December 03, 2017
- Material. It is important to understand the effect that material can have on process consistency. Molders need the ability to trust that the materials they are receiving are consistently produced and handled. For instance, we know for a fact that one nylon is not the same as another. They may perform in a similar fashion, but one material’s response may be totally different despite the base similarities. A process is established based on each specific blend. Every time a material change occurs (regardless if the material manufacturer insists they are the same), it is a brand-new material and a brand-new processing approach must be deployed.
- Changing auxiliary equipment. A thermolator, dryer, hot-runner controller and so forth are not the same when we are making every effort to ensure process consistency. It is highly recommended that molders marry equipment, molds and other systems to the same press. What this means is each component is physically bound to the same production press every time, so that there is no deviation in press and auxiliaries. Remember, every variation that is introduced into a process is a new process. It is also important to note that there are changes that occur to auxiliary equipment itself, which requires historical data to be collected: Thermolator valves stick causing overheating or poor heat dispersion, gallons-per-minute readings change, valve gates stop functioning. Monitor every condition available to you for verification of true process.
- Mold modification. Mold modification is generally implemented during the engineering stage, not on the production floor. If a mold is modified in any way, the process should be viewed as new until the modification has been revalidated. Never assume that a change to a mold will not affect the process in any way. Instead, consider the mold to be suspect, and review all historical data you have available to ensure that no real change has occurred. Your quality department needs to be fully aware of the modifications and should perform the proper layout inspections and testing, prior to the press being released for normal production.

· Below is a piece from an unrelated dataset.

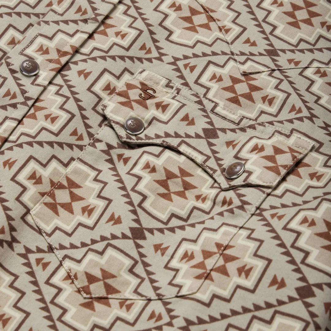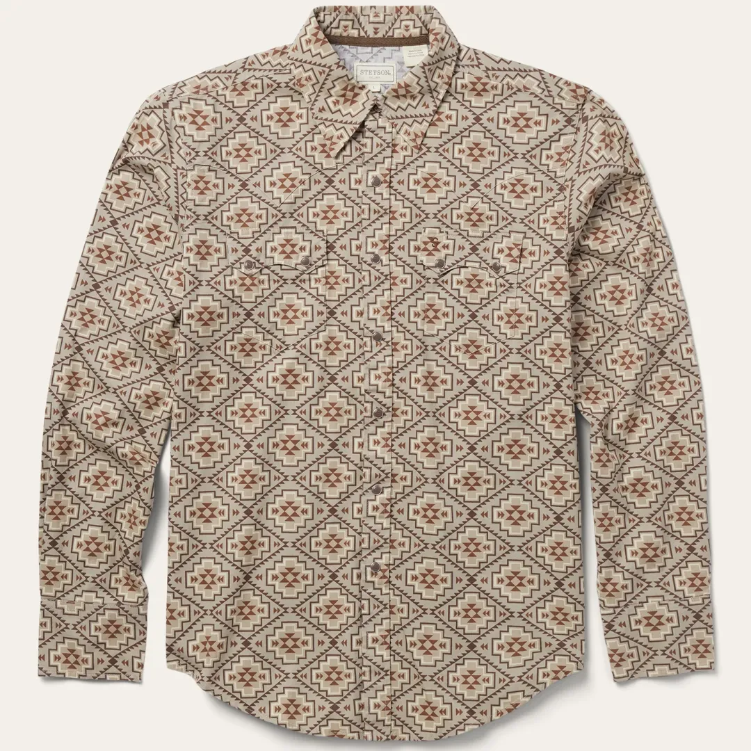 We set the standard for snap fronts. They’re not just Western-inspired, they’re imbued with a Western spirit. This modern fit shirt is crafted from crisp, breathable 100% cotton poplin that has been yarn-dyed for rich, lasting color and made to get better with age and wear. Featuring our exclusive all-over brown aztec print, it has a two-point curved back yoke, two-point curved pocket flaps, twill tape inside trim, subtle “S” and “Stetson” embroidery at the chest and right sleeve placket, a three-snap cuff and a classic snap front featuring opaque logo snaps.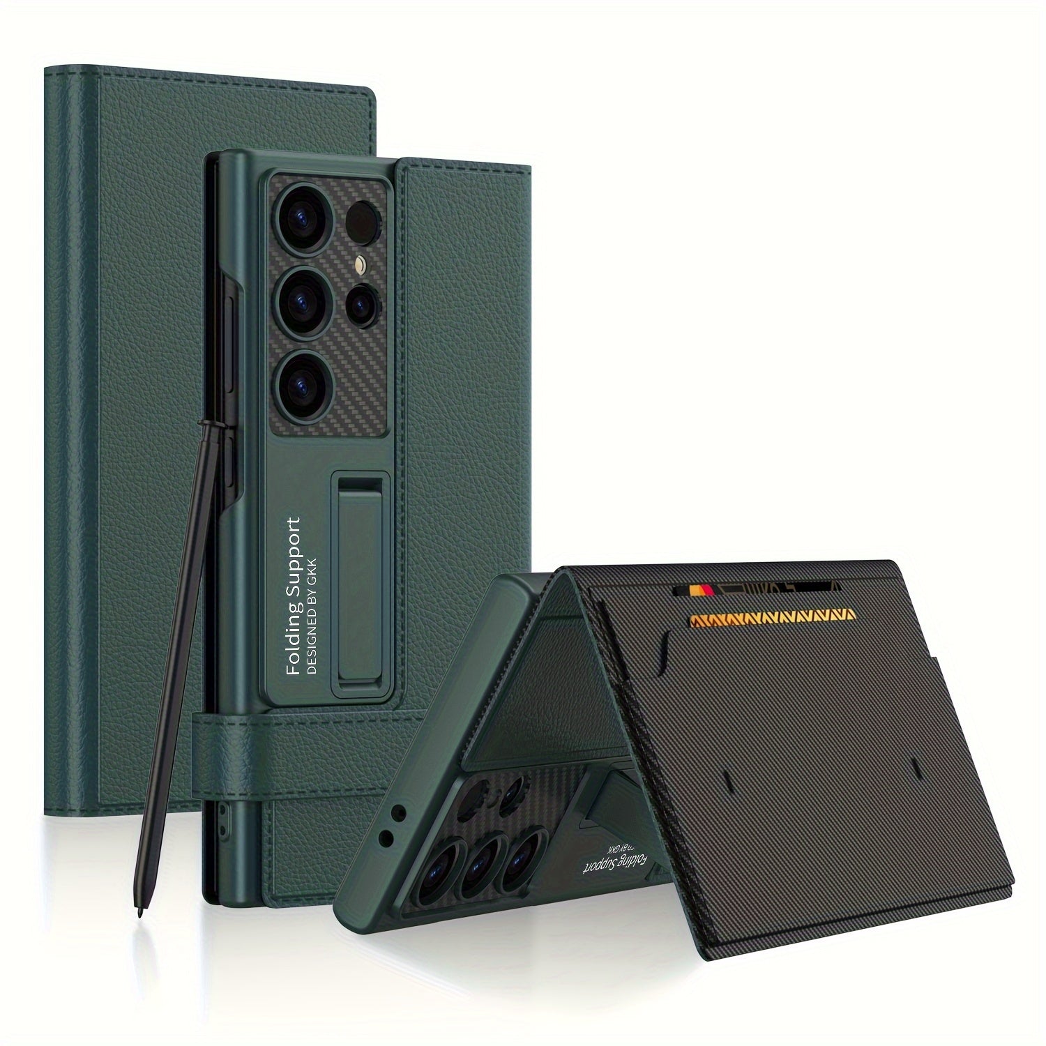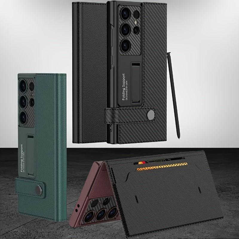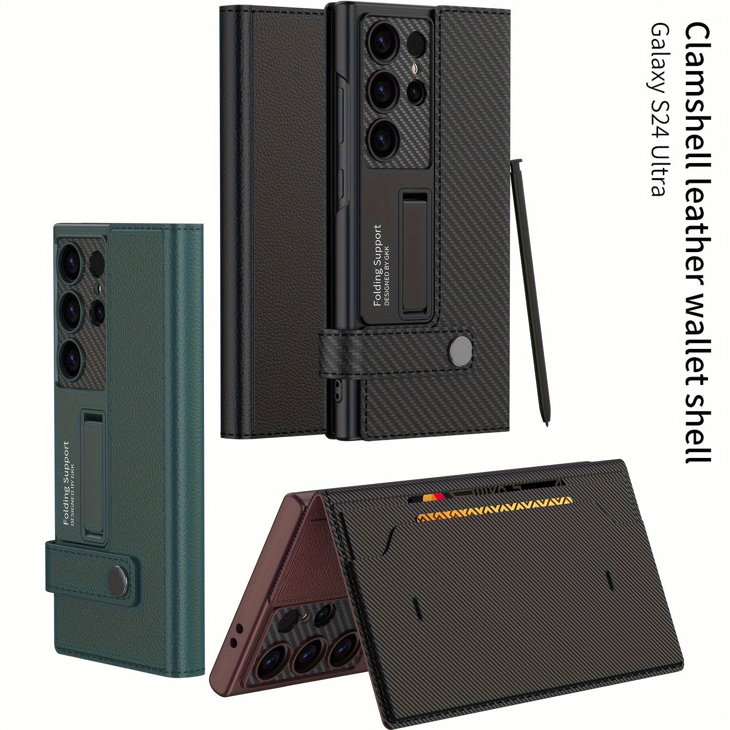 Leatherette Phone Case with Carbon Fiber Pattern for Samsung S24 Ultra Plus Card Storage Anti-Fall Protection

- Watering and heating. Molds should be evaluated during the process engineering stage for proper cooling and heating dispersion, allowing base historical data to be established. Setup diagrams should be documented, and frequently updated. Turbulent flow to and from process (supply/return) should be measured in units of gpm/lpm. Steel temperature measurements are also critical components for measuring process changes over time. It is important to note that mold steel temperatures can vary in different areas of the mold due to heat exposure and flow differentials. Measure and record temperatures in multiple mold locations for historical reference.
- Process monitoring. Once a process has been validated as true and consistent, process monitoring is a primary key for measuring historical change. Fill time, screw rotate time, cushion, peak pressure and all other primary sources of process monitoring data quickly identify changes within the process. Monitoring is a reliable identifier that triggers reaction when the troubleshooting system is enacted. Verify all key monitoring measurables, and if you identify a significant variance, use that change to identify other changes that might have taken place, including the five M—man, mold, machine, material, maintenance—system of troubleshooting.
- Barrel temperature. Barrel temperature is not limited to set points—temperature actuals should also be monitored. Controller measurements that monitor actual temperature, as well as manual measurements of true barrel temperatures between heater bands, should be recorded and used to identify changes in temperature over time. In addition, watch for signs of worn heater bands, such as poorly heating zones at start up. Historical data of steel temperature data between bands throughout all zones will identify heater bands that are performing poorly, and quickly identify bands that need immediate replacement.